• EXTRACTED RECORDS:

Start of Block

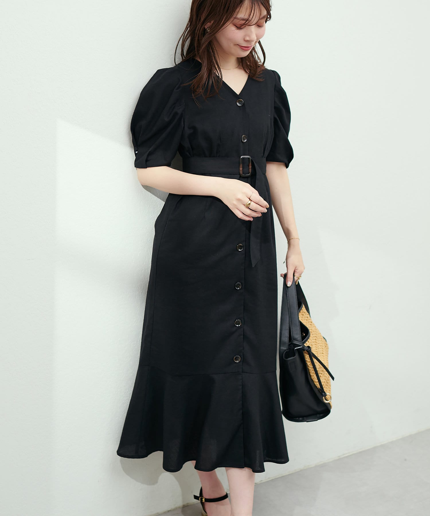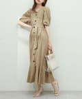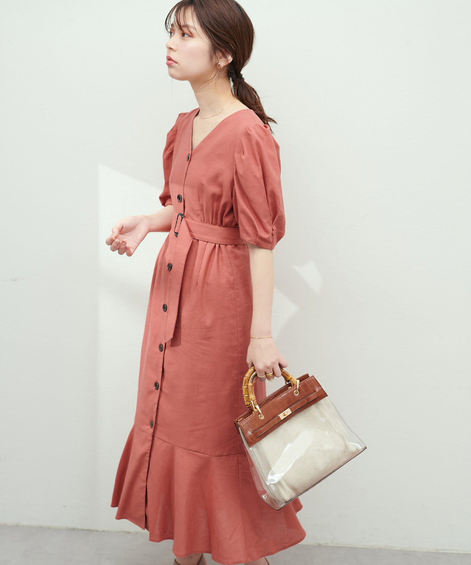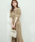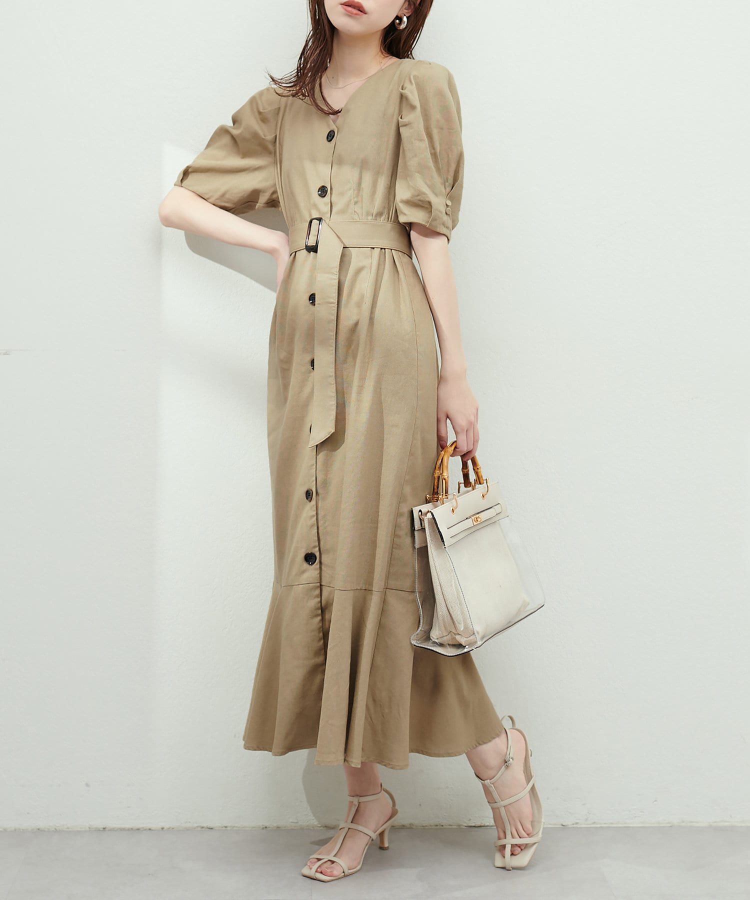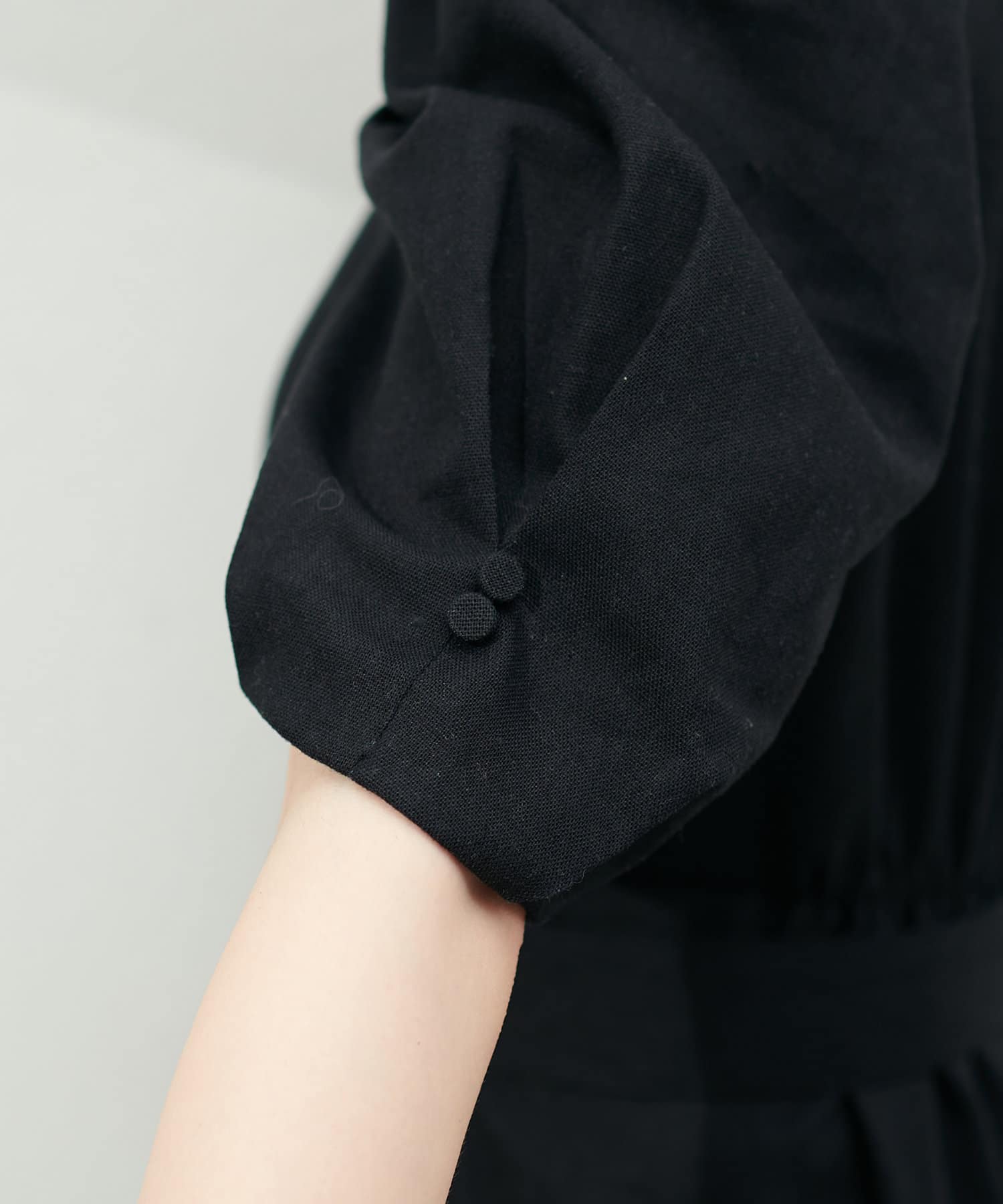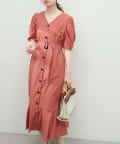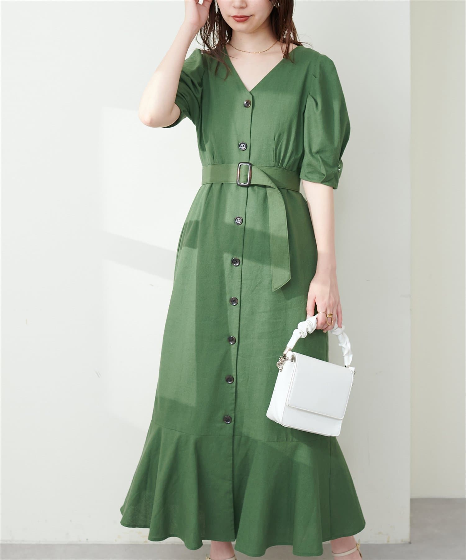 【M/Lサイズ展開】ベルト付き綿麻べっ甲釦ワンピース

End of Block
Start of Block

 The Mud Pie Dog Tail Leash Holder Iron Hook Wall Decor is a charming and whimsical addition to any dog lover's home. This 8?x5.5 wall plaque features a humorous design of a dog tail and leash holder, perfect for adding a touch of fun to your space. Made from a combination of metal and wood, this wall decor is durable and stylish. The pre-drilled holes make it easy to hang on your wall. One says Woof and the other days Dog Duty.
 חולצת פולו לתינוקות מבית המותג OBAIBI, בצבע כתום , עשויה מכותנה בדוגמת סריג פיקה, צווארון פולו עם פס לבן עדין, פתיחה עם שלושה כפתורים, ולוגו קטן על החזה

End of Block
Start of Block

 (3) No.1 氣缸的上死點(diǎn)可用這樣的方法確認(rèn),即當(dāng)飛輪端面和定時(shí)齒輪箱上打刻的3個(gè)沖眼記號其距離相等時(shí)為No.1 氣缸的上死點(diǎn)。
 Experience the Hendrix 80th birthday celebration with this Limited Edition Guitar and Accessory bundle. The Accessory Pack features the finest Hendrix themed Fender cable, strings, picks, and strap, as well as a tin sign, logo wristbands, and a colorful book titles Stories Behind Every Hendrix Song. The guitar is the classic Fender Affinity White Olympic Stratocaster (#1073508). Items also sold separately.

End of Block

• WHAT YOU ARE ASKED TO DO: Please copy out each line of the material that contains the string "this".

• FINISHED EXERCISE:
 The Mud Pie Dog Tail Leash Holder Iron Hook Wall Decor is a charming and whimsical addition to any dog lover's home. This 8?x5.5 wall plaque features a humorous design of a dog tail and leash holder, perfect for adding a touch of fun to your space. Made from a combination of metal and wood, this wall decor is durable and stylish. The pre-drilled holes make it easy to hang on your wall. One says Woof and the other days Dog Duty.
 Experience the Hendrix 80th birthday celebration with this Limited Edition Guitar and Accessory bundle. The Accessory Pack features the finest Hendrix themed Fender cable, strings, picks, and strap, as well as a tin sign, logo wristbands, and a colorful book titles Stories Behind Every Hendrix Song. The guitar is the classic Fender Affinity White Olympic Stratocaster (#1073508). Items also sold separately.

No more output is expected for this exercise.